551792 – app-emulation/lxc-1.1.2 - systemd does not start in container with gentoo.moresecure.conf

Bug 551792 - app-emulation/lxc-1.1.2 - systemd does not start in container with gentoo.moresecure.conf

Summary: app-emulation/lxc-1.1.2 - systemd does not start in container with gentoo.mor...

Status:	RESOLVED UPSTREAM

Alias:	None

Product:	Gentoo Linux
Classification:	Unclassified
Component:	[OLD] Core system (show other bugs)
Hardware:	All Linux

Importance:	Normal normal
Assignee:	Gentoo Linux bug wranglers

URL:	https://github.com/lxc/lxc/pull/564
Whiteboard:
Keywords:

Depends on:
Blocks:

Reported:	2015-06-11 14:30 UTC by Dennis Schridde
Modified:	2015-06-13 11:52 UTC (History)
CC List:	0 users

See Also:
Package list:
Runtime testing required:	---

Attachments
Add an attachment (proposed patch, testcase, etc.)

Note You need to log in before you can comment on or make changes to this bug.

Description Dennis Schridde 2015-06-11 14:30:53 UTC

When I configure my container with gentoo.moresecure.conf and `lxc.init_cmd = /usr/lib/systemd/systemd`, the latter will not start up properly.

It does not start any processes, including dbus. When trying to execute systemctl, I see the following:
$ systemctl status
Failed to get D-Bus connection: Operation not permitted

When I use gentoo.common.conf instead, the container comes up as expected.

More details about the setup can be found in bug #551096.

Comment 1 Dennis Schridde 2015-06-11 14:47:31 UTC

When I disable the `lxc.cap.drop` line in gentoo.moresecure.conf, the container also starts up. Apparently systemd needs one ore more of these capabilities for proper operation, and is unable to fallback if it is missing. I'd be glad for any hints about which ones it needs.

Comment 2 Dennis Schridde 2015-06-11 17:40:13 UTC

Common (included by both CentOS and Gentoo) contains:
lxc.cap.drop = mac_admin mac_override sys_time sys_module

Adding the CentOS line lets systemd start, too:
lxc.cap.drop = setfcap setpcap sys_nice sys_pacct sys_rawio

Gentoo moresecure tries to drop these, which makes systemd fail:
lxc.cap.drop = audit_control audit_write dac_read_search fsetid ipc_owner linux_immutable mknod setfcap sys_admin sys_boot sys_pacct sys_ptrace sys_rawio sys_resource sys_tty_config syslog

The intention seems to be, that the different capabilities droped by these lines are added up, even though the manpage [1] suggests the opposite.

Anyway, the difference between the Gentoo (+) and CentOS (-) config is:
+audit_control +audit_write +dac_read_search +fsetid +ipc_owner +linux_immutable +mknod -setpcap +sys_admin +sys_boot -sys_nice +sys_ptrace +sys_resources +sys_tty_config +syslog

So to get the bare minimum of systemd to run, one needs the sys_admin and sys_resources caps.

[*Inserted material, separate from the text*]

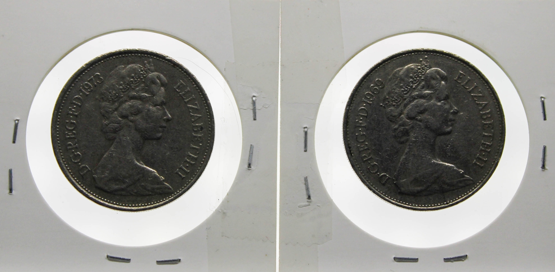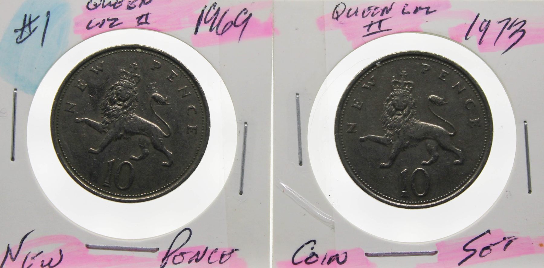 1969 & 1973 QUEEN LIZ II NEW PENCE 10 COINS
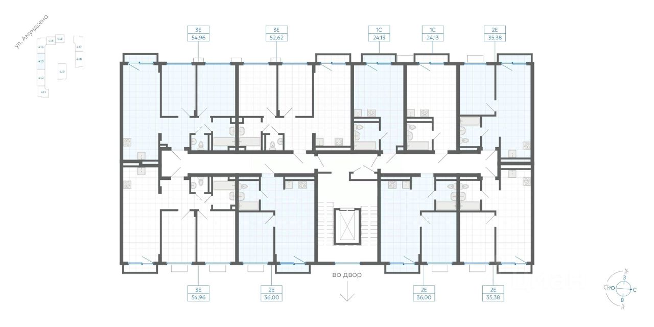 Квартиры комфорт-класса площадью до 77 кв.м с чистовой отделкой. Стильные и уютные холлы с помещениями для детских колясок и велосипедов.

The next issue is that journald shows nothing, which appears to be caused by the missing setpcap capability.

So this line seems to be the maximum possible (incl. +setpcap and +sys_nice from CentOS and -setpcap):
lxc.cap.drop = audit_control audit_write dac_read_search fsetid ipc_owner linux_immutable mknod setfcap sys_boot sys_nice sys_pacct sys_ptrace sys_rawio sys_tty_config syslog

[1]: http://man7.org/linux/man-pages/man5/lxc.container.conf.5.html

Comment 3 Dennis Schridde 2015-06-11 17:48:41 UTC

(In reply to Dennis Schridde from comment #2)
> So this line seems to be the maximum possible (incl. +setpcap and +sys_nice
> from CentOS and -setpcap):
Oops, obviously not with +setpcap, as that is necessary for journald, as we just figured out…

Comment 4 Dennis Schridde 2015-06-11 17:54:16 UTC

Submitted upstream as pull request: https://github.com/lxc/lxc/pull/564

Comment 5 Markos Chandras (RETIRED) gentoo-dev

2015-06-13 11:52:38 UTC

Well the templates are based on openrc (as discussed in the pull request). So I am closing this as upstream as I see no urgent reason to patch the downstream templates to add systemd support at the moment. As suggested, I believe it's best to document systemd needs in the Gentoo LXC wiki.